Indeed. black helicopter officials.
Personally I blame Hollywood, which has taught so many possessors of sub-+1sigma IQs that anything with a red LED numeric display is a bomb. Back in the day before LCD panels I worked for a company where we used HP LED displays a lot in our equipment - I guess at the time Hollywood’s idea of “bomb” would have had a lighted string fuze.
Totally correct. In fact at one time I had a laptop with a metal lid which obviously had a slightly defective power supply. You could definitely feel a current with a hand on the lid. Reversing the live and neutral wires in the (UK, 3 pin) plug fixed it.
Who needs the Vietnam war? A number of my teachers had been involved in WW2, which was probably why they didn’t seem to worry about anything. Another physics teacher quote: “We’re not supposed to go above 5000V because of X-rays. Anybody afraid of X-rays go to the back. Right, we will now crank up to 10 kilovolts.”
Our chemistry teacher also let us do an experiment with a very small quantity of picric acid which I don’t intend to go into here. What were we doing with picric acid in the store room? No idea.
The version I heard was that you use your right hand (so the current travels down the right side of your body and misses the heart) and you keep your left hand in your pocket (so any involuntary muscle spasms don’t cause it to flail into contact with the wire).
The advisability of doing touch-tests on current that you believe is powerful enough to cause full-body spasming was not mentioned.
(Also, seems to me that “stupid things to do with electricity” is perfectly on topic to this post.)

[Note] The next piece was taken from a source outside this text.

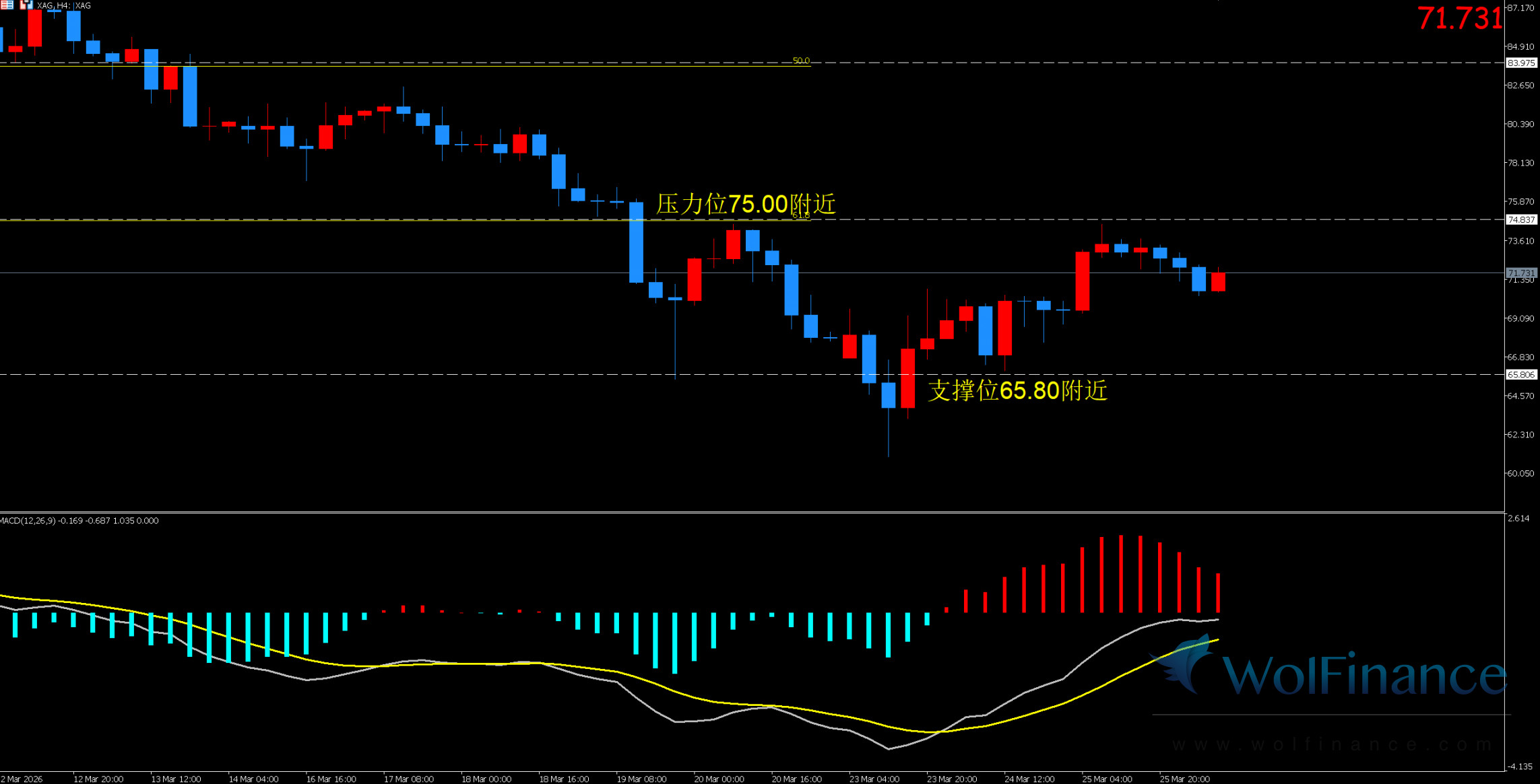 周四(03 月 26 日)白银早盘震荡回落,当前价格报 71.731 附近,核心源于工业需求预期边际走弱,叠加美元指数高位波动,银价反弹动力不足,整体维持弱势震荡。

What interests me about this is that Woz’s gizmo was set up to tick faster when the door was opened, which suggests that the bizarre notion that a bomb will tick faster/louder/sound an alarm/generally draw more attention to itself the closer it gets to detonating dates back to the '60s at least. I thought it was a more recent TV/Hollywood thing.
That’s pretty much the version I heard. The back of the hand for lighting equipment always seemed sensible to me as well. I’ve been in a few environments with high voltage DC where the operating rule was: don’t point at anything.
Which is utter nonsense because, in fact, your heart is pretty close to centre.
To quote an expert from H&SE: “There is no known lower level of current through the body which is safe.”